Importing the Tag(s) into the Historian
As I imported my InTouch tag(s) into the Historian, I chose to store this value using Cyclic Storage (1 second interval). This way, I know that I should expect a good value every second. With Delta storage, there could be a long period of time where I had no value change, which means that a values hasn’t been stored for many minutes. This in turn could affect the values that I use for Integral retrieval.
There is always the chance for bad quality due to network issues, change in pressure, or faulty equipment. Regardless, the Historian still expects a value to be stored every second which from a quality perspective, that is good.
In order to use Integral Retrieval, I am using the Historian Client Query rather than Trend.

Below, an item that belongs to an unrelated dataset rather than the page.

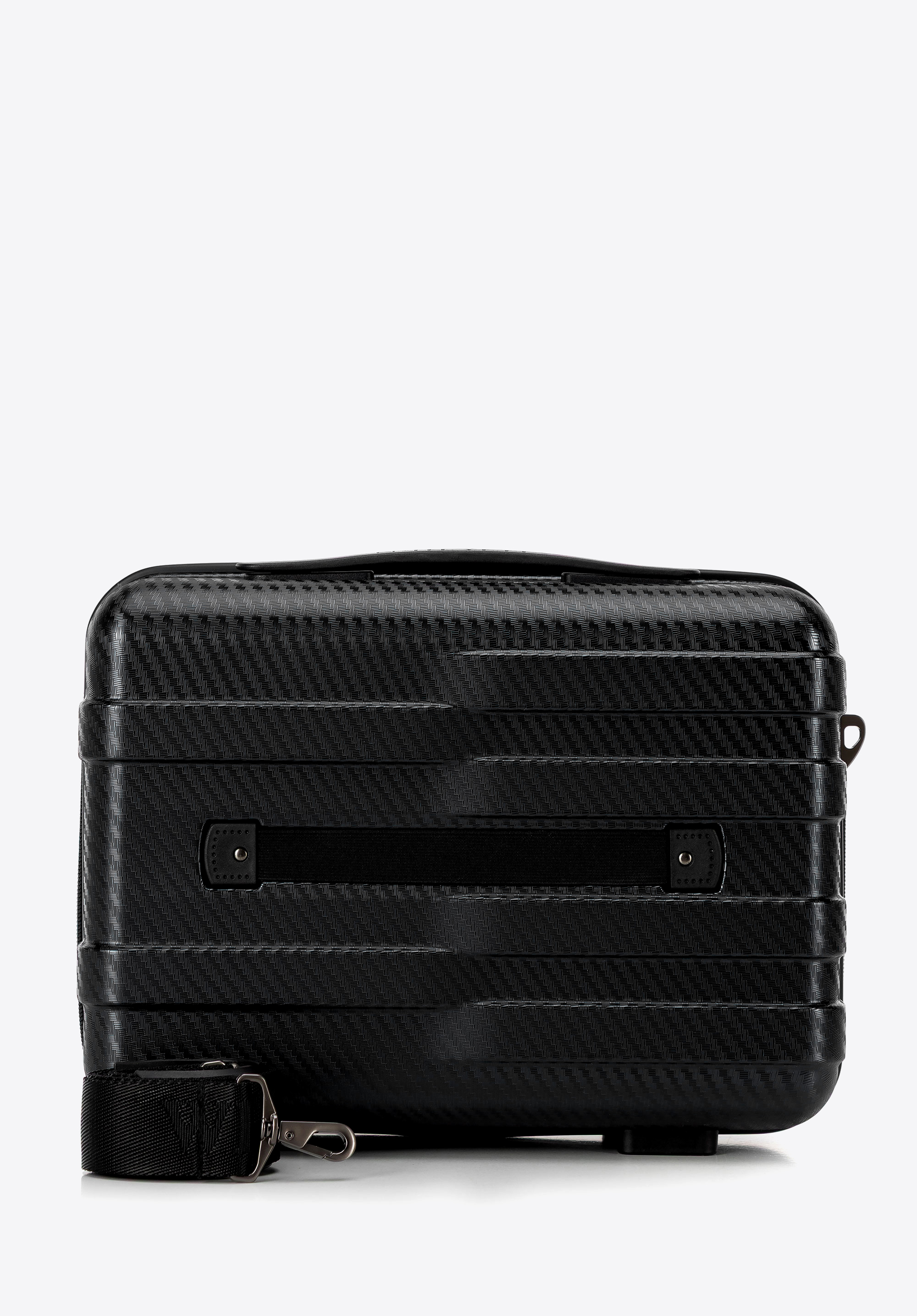 - Gurt und Griff des Kosmetikkoffers: Abnehmbarer, verstellbarer Schultergurt und ein praktischer Griff ermöglichen die Befestigung am Teleskopgriff des Koffers.

My Query type is set to History Values, and I chose the tag in question that I would like to perform Integral Retrieval against. In my example below, I am selecting 1 “Value over equal time interval”. This is also known as the wwCycleCount. I’m doing this because I only want 1 value returned over a given time frame to see how many gallons were produced based on my flow rate. The Time that I have chosen will reflect 5 minutes of time.
Under Retrieval in the Other Tab, I’m choosing Optimistic quality under “Values to Include in Calculations”. The Optimistic setting for the quality rule lets you retrieve information that is possibly incomplete but may nevertheless provide better results in the counter and integral retrieval modes where the calculation cycle contains data gaps. This setting calculates using the last known good value prior to the gap (if possible). The logic for determining the quality of the points returned remains unchanged in both retrieval modes.
The integral retrieval mode is an exception to this where the integral is scaled up to cover gaps.
SET QUOTED_IDENTIFIER OFF
SELECT * FROM OPENQUERY(INSQL, "SELECT DateTime = convert(nvarchar, DateTime, 21), [VariableFlowRate]
WHERE wwRetrievalMode = 'Integral'
AND wwCycleCount = 1
AND wwQualityRule = 'Optimistic'
AND wwVersion = 'Latest'
AND DateTime >= '20150831 15:33:00.000'
AND DateTime <= '20150831 15:38:00.000'")
During the past 5 minutes, I produced roughly 139 gallons based on a variable flow rate.